*** Supplied data ***

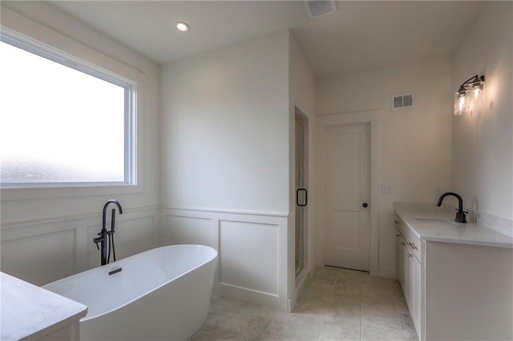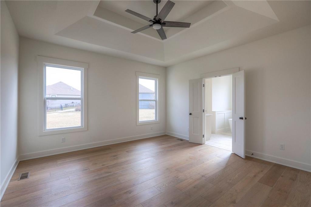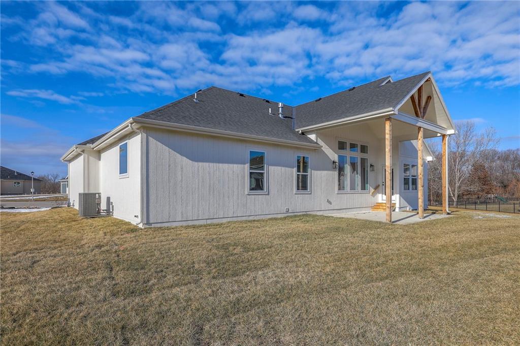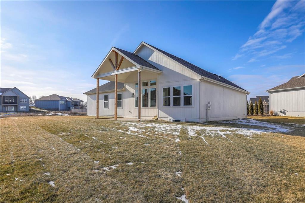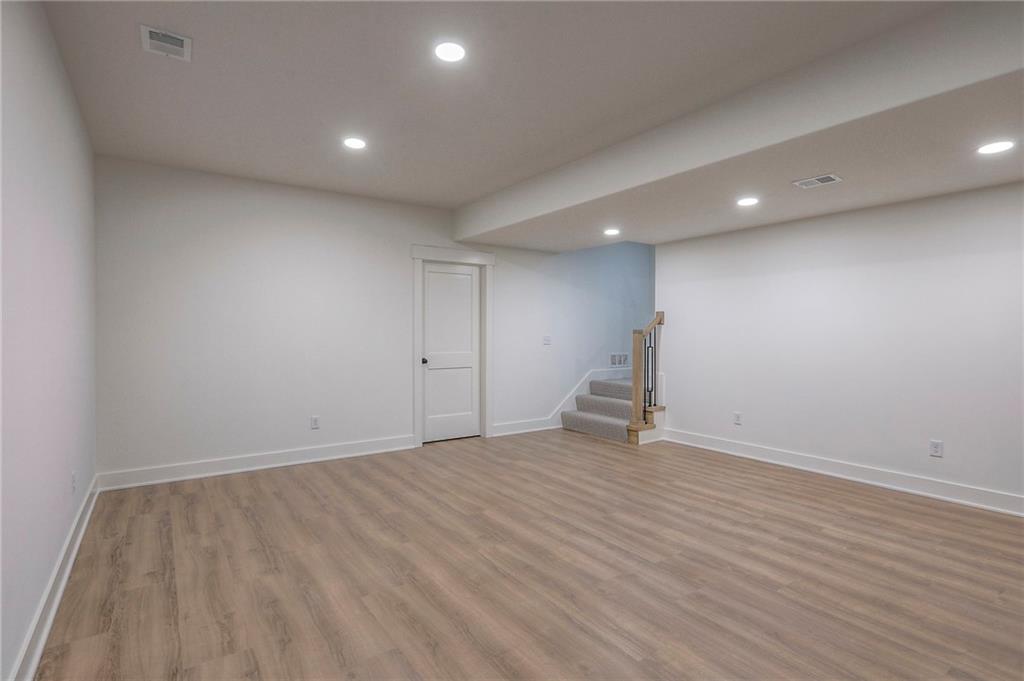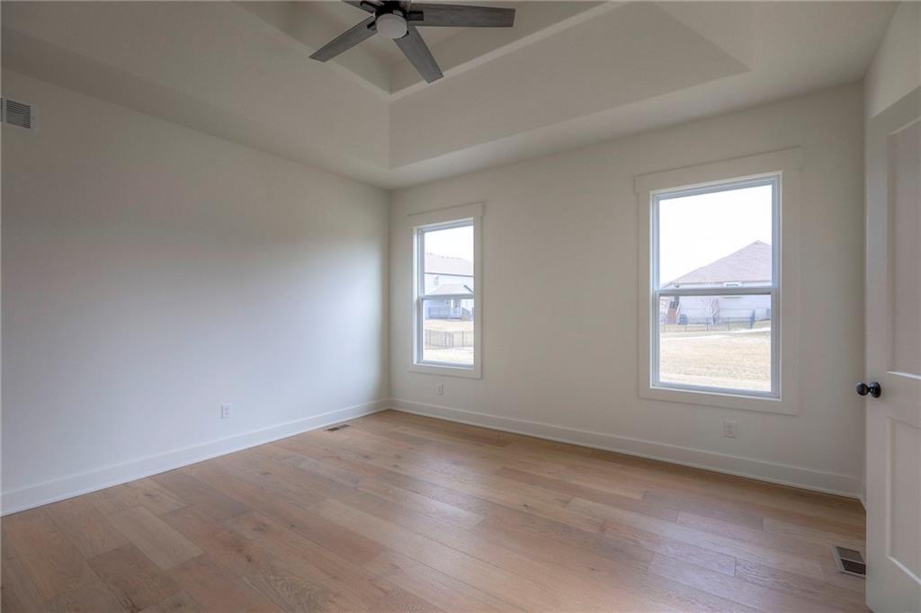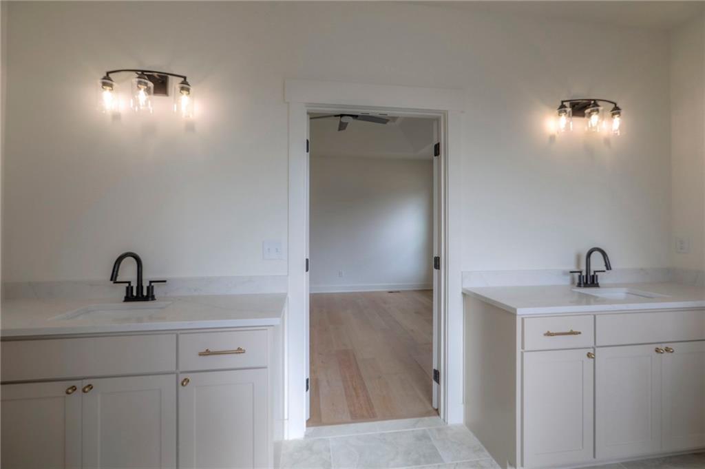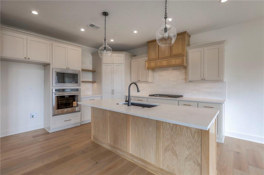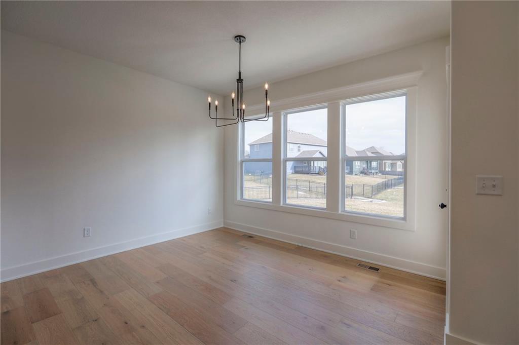 MOVE IN READY! New 5 Bedroom ranch w/ 3 bathrooms up and 2 bedrooms down. Hardwood floors throughout the main level. Open kitchen/family room with 12' ceiling. Master bath features split sinks with soaker tub & shower with rainfall head. Large master closet with easy access to laundry. Kitchen features custom cabinets, quartz tops, 6 burner gas cooktop, Kitchen Aid appliances and walk in pantry. All tile wet areas. Large culdesac site, covered patio, sprinklers.
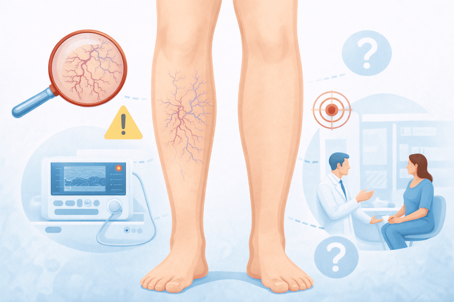 Перед процедурой удаления необходимо понять, что происходит с венозной системой в целом. Без диагностики устранение сосудистой сетки может дать лишь временный эффект.
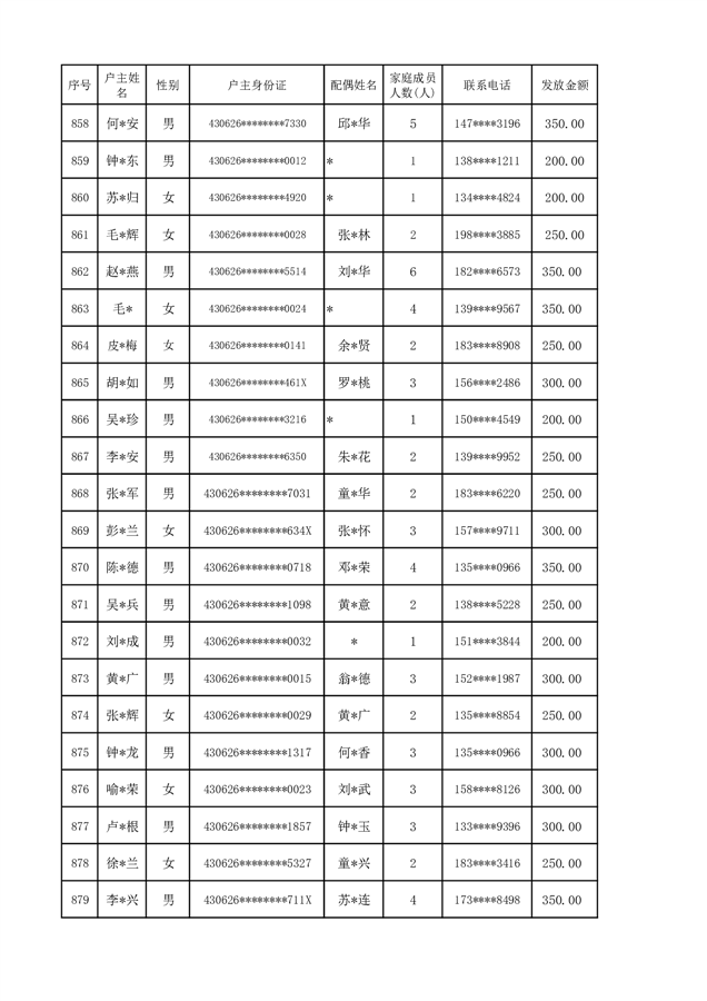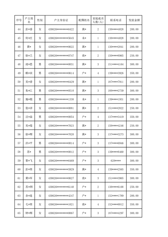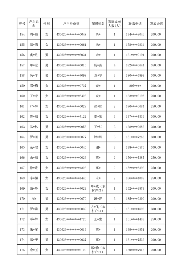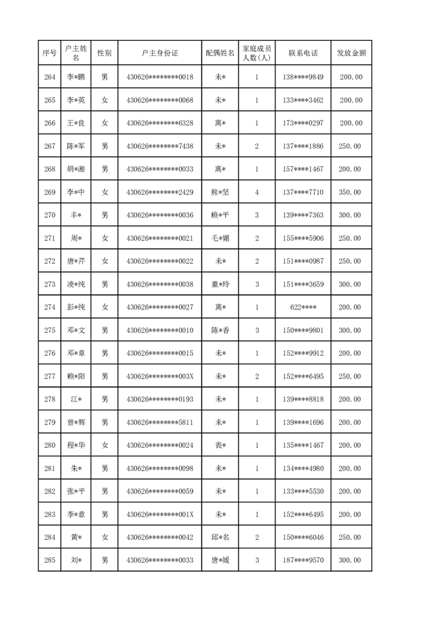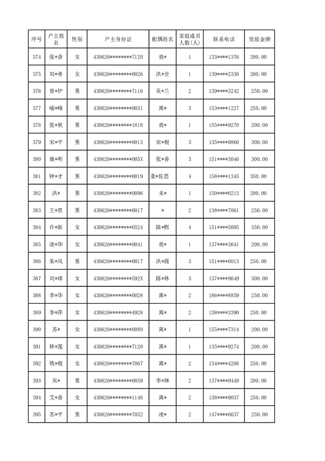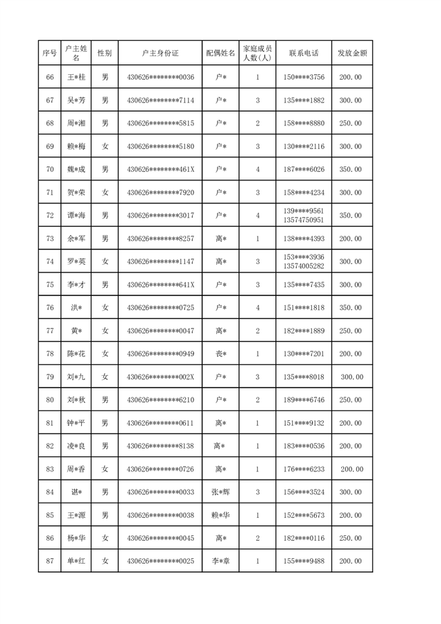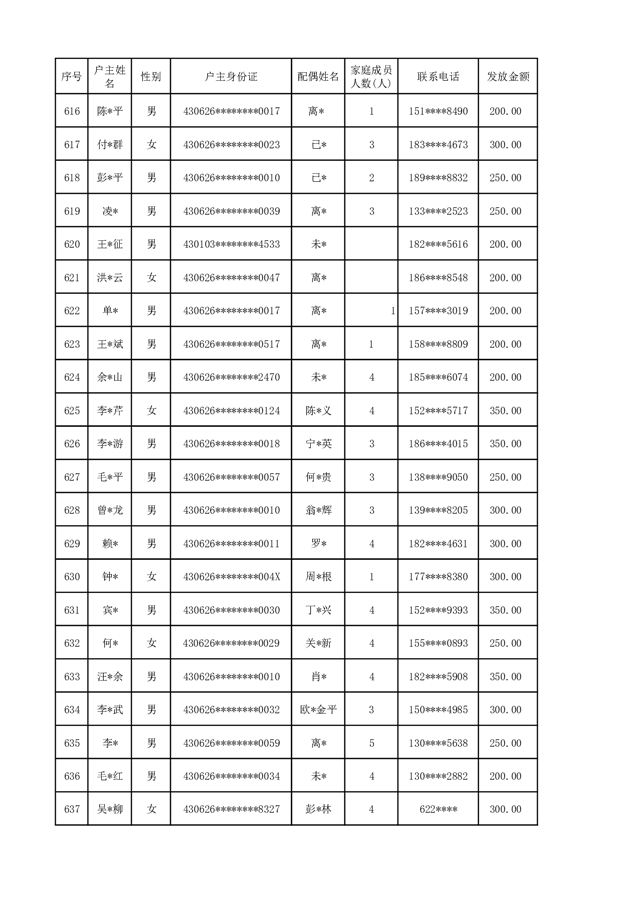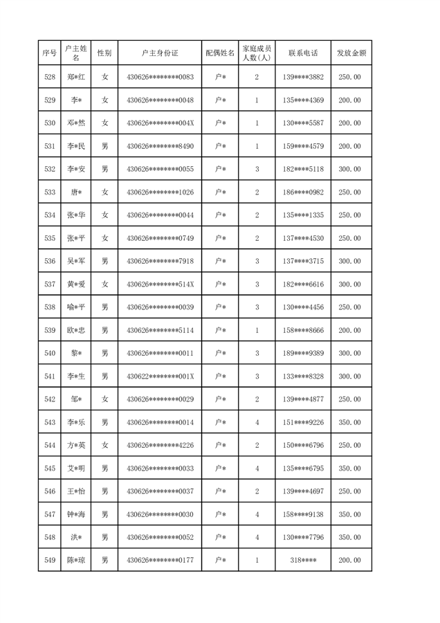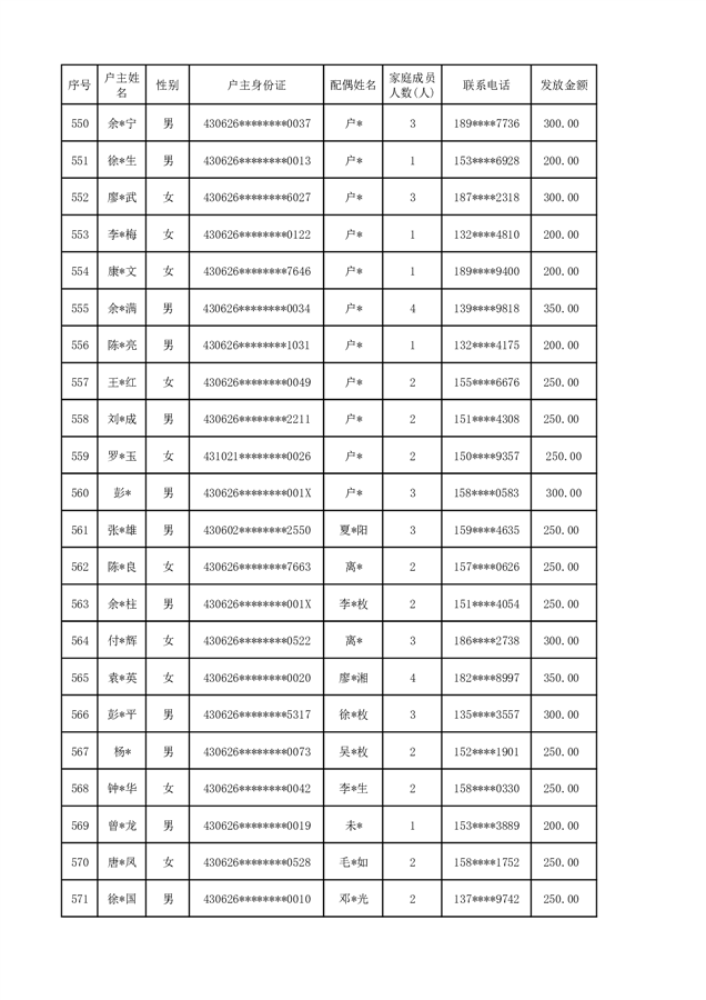 平江县2023年度住房租赁补贴发放名册(第2季度)

***

Retype the listing exactly. Leave the pictures out.

 MOVE IN READY! New 5 Bedroom ranch w/ 3 bathrooms up and 2 bedrooms down. Hardwood floors throughout the main level. Open kitchen/family room with 12' ceiling. Master bath features split sinks with soaker tub & shower with rainfall head. Large master closet with easy access to laundry. Kitchen features custom cabinets, quartz tops, 6 burner gas cooktop, Kitchen Aid appliances and walk in pantry. All tile wet areas. Large culdesac site, covered patio, sprinklers.
 Перед процедурой удаления необходимо понять, что происходит с венозной системой в целом. Без диагностики устранение сосудистой сетки может дать лишь временный эффект.
 平江县2023年度住房租赁补贴发放名册(第2季度)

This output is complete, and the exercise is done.